WHAT THIS TASK INVOLVES: Skip the pictures. Give all the data again exactly.

DATASET CONTENT:
# # # #

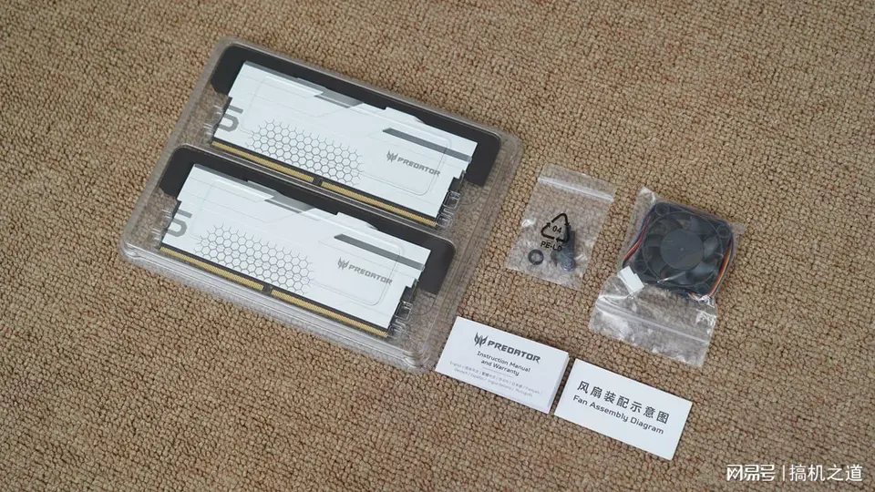 内存附件除了说明书、质保卡外,还附赠了一个4cm的小风扇,其实内存在正常XMP频率下是用不到的风扇的,不过超频时热量较大,安装风扇可大大提高稳定性,这一点还是非常贴心的。
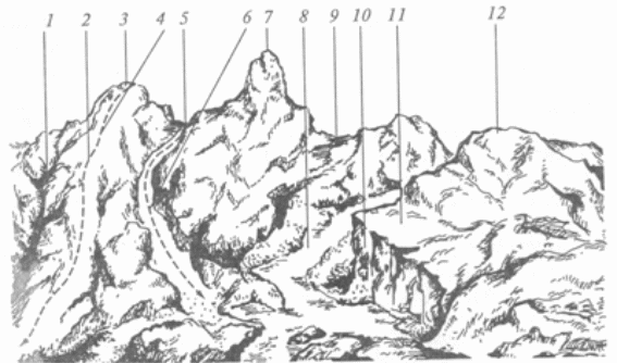 Гора(холм, высота, сопка) - это возвышающаяся над окружающей местностью конусообразная форма рельефа, наивысшая точка которой называется вершиной (3, 7, 12). Вершина в виде площадки называется плато, вершина остроконечной формы пиком. Боковая поверхность горы состоит из скатов, линия слияния их с окружающей местностью - подошва, или основание, горы.
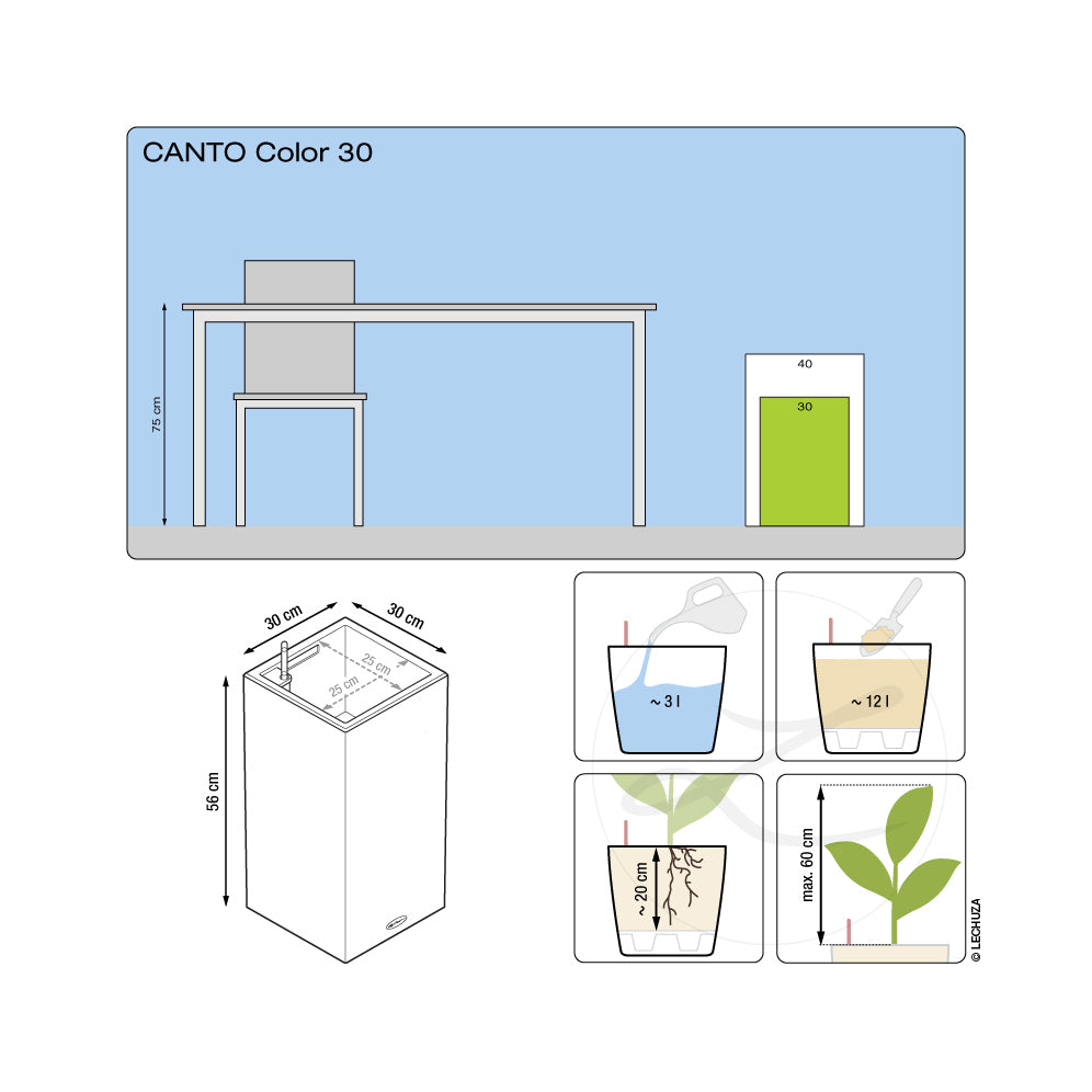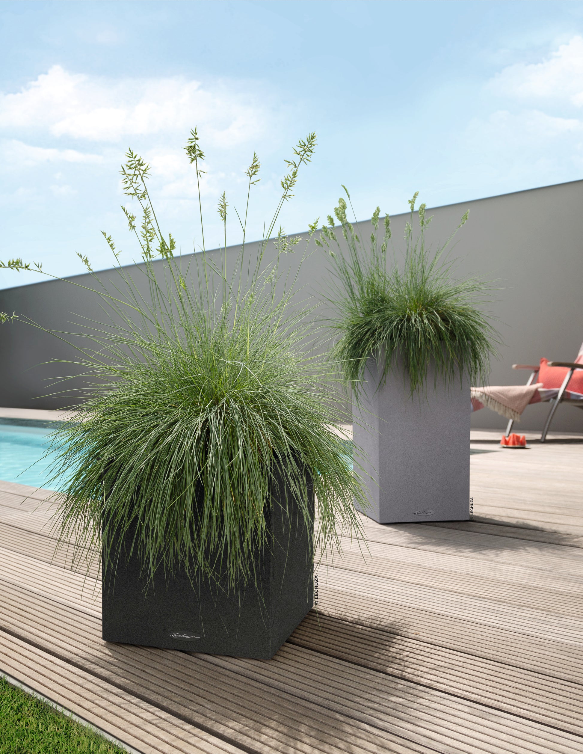 If you like a clear design you will love the CANTO Stone. The rough natural stone look in three different colors creates a wonderful contrast to lush greens and colorful flowers. The CANTO Stone cube and column planters have the same dimensions, so you can easily use the same planter liner in both models.
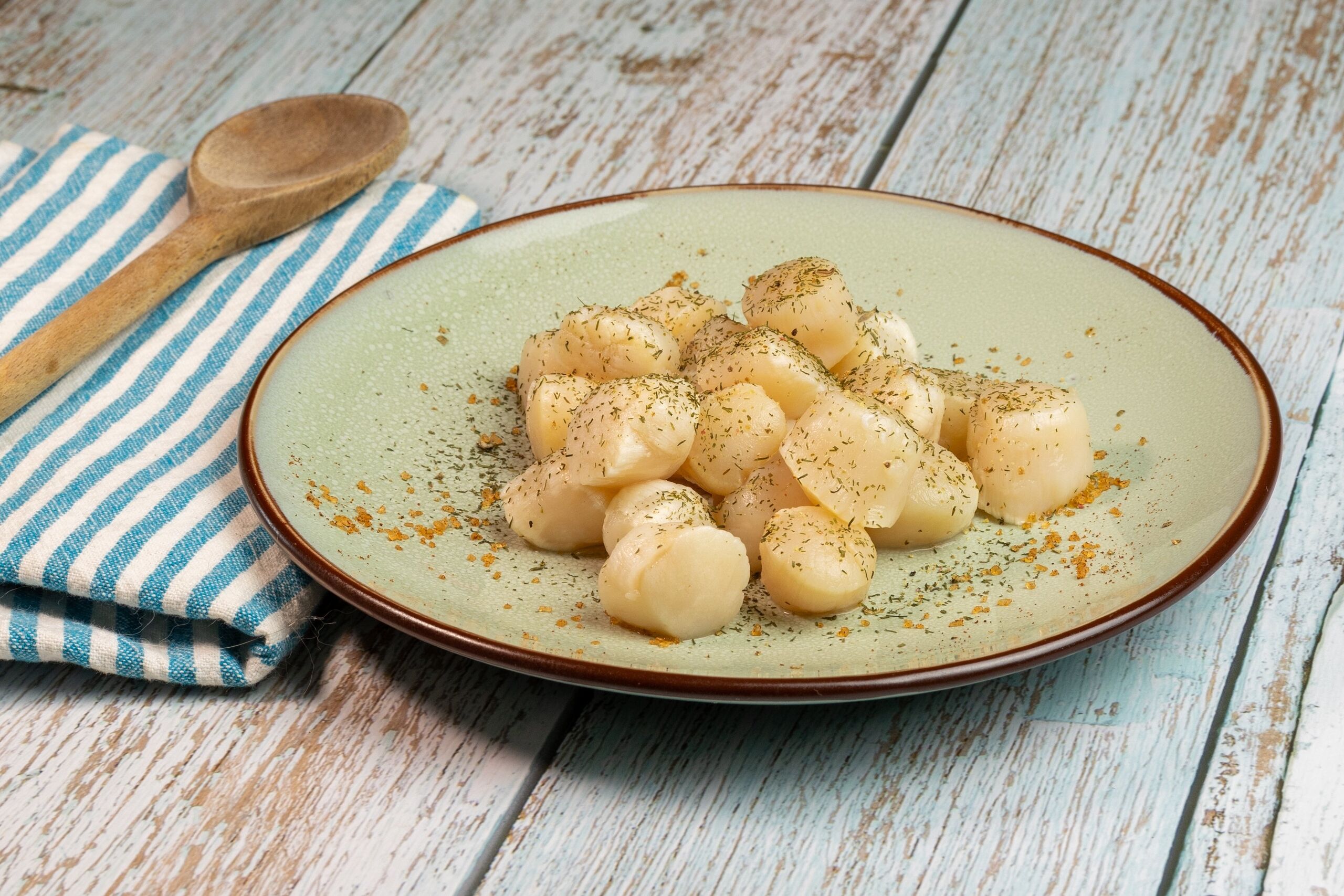 Hazánkban viszonylag nehézkes hozzájutni friss fésűkagylóhoz, de szerencsére az ízét és az állagát tekintve a fagyasztott, bolti verzióból is tökéletes fogás készíthető. Egy dologra érdemes figyelni vásárlás közben: mindenképpen úgynevezett száraz fésűkagylót szerezzünk be, a nedves alapanyag ugyanis sóoldattal és egyéb adalékokkal dúsított, ami megakadályozza, hogy a kagyló külseje ropogósra süljön.

# # # #

COMPLETED TASK:
 内存附件除了说明书、质保卡外,还附赠了一个4cm的小风扇,其实内存在正常XMP频率下是用不到的风扇的,不过超频时热量较大,安装风扇可大大提高稳定性,这一点还是非常贴心的。
 Гора(холм, высота, сопка) - это возвышающаяся над окружающей местностью конусообразная форма рельефа, наивысшая точка которой называется вершиной (3, 7, 12). Вершина в виде площадки называется плато, вершина остроконечной формы пиком. Боковая поверхность горы состоит из скатов, линия слияния их с окружающей местностью - подошва, или основание, горы.
 If you like a clear design you will love the CANTO Stone. The rough natural stone look in three different colors creates a wonderful contrast to lush greens and colorful flowers. The CANTO Stone cube and column planters have the same dimensions, so you can easily use the same planter liner in both models.
 Hazánkban viszonylag nehézkes hozzájutni friss fésűkagylóhoz, de szerencsére az ízét és az állagát tekintve a fagyasztott, bolti verzióból is tökéletes fogás készíthető. Egy dologra érdemes figyelni vásárlás közben: mindenképpen úgynevezett száraz fésűkagylót szerezzünk be, a nedves alapanyag ugyanis sóoldattal és egyéb adalékokkal dúsított, ami megakadályozza, hogy a kagyló külseje ropogósra süljön.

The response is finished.